Its first purchase will be a portfolio of four properties for £85m.
Renos Booth, head of real estate long income at Aviva Investors, who will be managing the new REIT, says that a focus on tenant covenants rather than lease length would be its USP.
“Our differentiating factor is we that would rather ensure we have a low probability of default with our investments,” he says. “We want to get that extra bit of yield through a slightly shorter [lease] duration.
“There is no point paying a keener yield to buy longer-duration income if there is a risk that tenant may not be there at the end of the term.”
Late to the table
Nine REITs have launched so far in 2017, almost all targeting long or secure income, whether through commercial, residential or alternative investment strategies.
A number of these have failed to reach their stated targets, and these failures have been attributed to investor fatigue or scepticism.
AEW’s UK Long Lease REIT raised 54% of its target, while LXI REIT pulled in 69%.
“I would like to think that maybe part of the reason they have not succeeded in getting their full raise is the knowledge that we might be coming out there,” says Booth.
“We have obviously been having discussions with potential investors for some time now, and we like to believe that may be the case.”
Booth says the fact that a portfolio of only £85m was lined up was not an admission that it would fail to make its targeted raise.
“We have got to manage the process as well. There will have been opportunities that we would have been able to access that, maybe due to timing, would not have fitted,” he says.
“We were not able to say anything about the messaging of this proposition, because of the sensitivities around listing rules, so we have not been actively going out there to source the product at the moment.”
He says that all £200m of capital should be deployed within nine months.
Strength of the name
Aviva will also be relying on the strength of its name to help with the raise and to differentiate it from the plethora of other vehicles. It is committing just under 20% of the gross issue proceeds.

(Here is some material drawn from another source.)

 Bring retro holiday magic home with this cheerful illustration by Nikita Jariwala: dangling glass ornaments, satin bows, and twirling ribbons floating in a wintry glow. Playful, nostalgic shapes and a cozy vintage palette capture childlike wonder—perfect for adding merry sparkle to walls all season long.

Booth points out that his firm was one of the first into the sector when it launched its long-income fund in 2004, and adds that AEW has traded more than £2bn in assets over the past five years. It currently has £4bn of long-income property under management.

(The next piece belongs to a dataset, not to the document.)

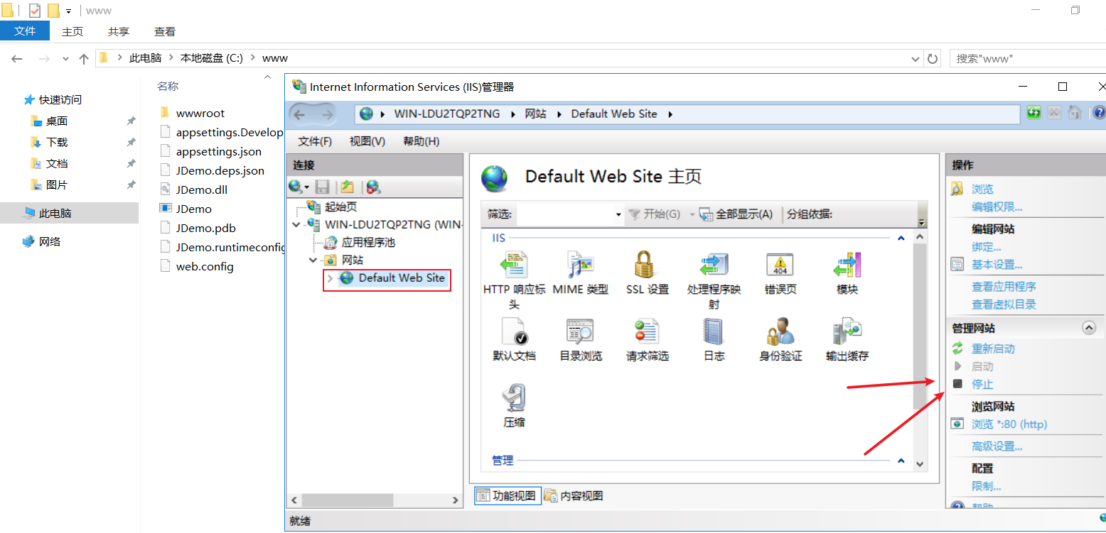 打开【IIS管理器】,将【Default Web Site】网站停止。因为如果不停止,稍后部署的程序也会用到80端口,会造成端口号冲突。

“We are confident we can access this product continually going forward, but we have to time it appropriately as well,” he says. “We have got a track record in this space that shows if you buy strong-quality credit and real estate in a downturn, it provides you with greater capital stability.”
The REIT’s new board will be led by chairman Andrew Cunningham, the former chief executive of Grainger; Suzanne Avery, formerly Royal Bank of Scotland’s managing director; Steffan Francis, previously of M&G Real Estate; and Marlene Wood, previously of Miller Developments.
Booth says that new assets will be bought from various sources, with one or two possibly from other Aviva funds.
“We are not buying any from the existing long-income fund,” he says. “There may be one or two assets that may come from the wider Aviva business, because that side of the business, the UK direct space, has gone through a strategic review as well.”
Aviva has been a net seller in the UK and is focusing on “place making” opportunities.
Despite the competition, Booth says he is confident about Aviva’s new REIT.
“We would not be launching this product if we did not believe there was the potential to expand this product as well,” he says.